Olivér Nagy

Personal information
- Full name: Olivér Zoltán Nagy
- Date of birth: 12 March 2003 (age 23)
- Place of birth: Budapest, Hungary
- Position: Defender

Team information
- Current team: Ferencváros
- Number: 54

Youth career
- 2009–2013: Kőbányai ISE
- 2013–2020: Ferencváros

Senior career*
- Years: Team / Apps / (Gls)
- 2020–: Ferencváros / 1 / (0)
- 2021–2023: Ferencvárosi TC II / 14 / (0)
- 2021–2023: → Soroksár (loan) / 51 / (1)
- 2023–2024: → Kecskemét (loan) / 13 / (1)
- 2024–2026: → Soroksár (loan) / 43 / (2)

= Olivér Nagy (footballer, born 2003) =

Hungarian footballer

Olivér Nagy (born 12 March 2003) is a Hungarian football player who plays as a defender for Nemzeti Bajnokság I club Ferencváros.

He began his youth career with KISE and Ferencváros in Budapest. As a senior, he initially played for Ferencváros II in Nemzeti Bajnokság III, before spending several seasons with Soroksár in Nemzeti Bajnokság II. In July 2023, he joined Nemzeti Bajnokság I side Kecskemét on a one-year loan.
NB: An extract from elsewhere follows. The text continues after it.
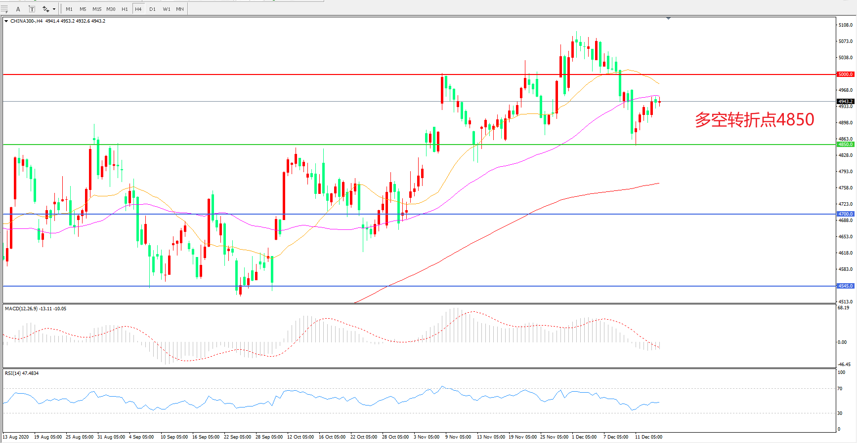 多空转折点:4850.00
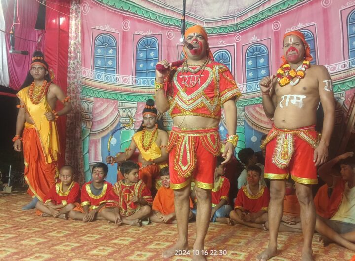 मार्टीनगंज आजमगढ़ तहसील क्षेत्र के पुष्पनगर में चल रही रामलीला में कलाकारों ने अंगद और रावण के...

During his spell at the club, he also made his international debut in the UEFA Conference League qualifying rounds, playing against Latvian side Riga FC.

From 2026, he became a member of Ferencváros' first-team squad, making further international appearances in the UEFA Europa League and also playing in the top flight of the Hungarian league.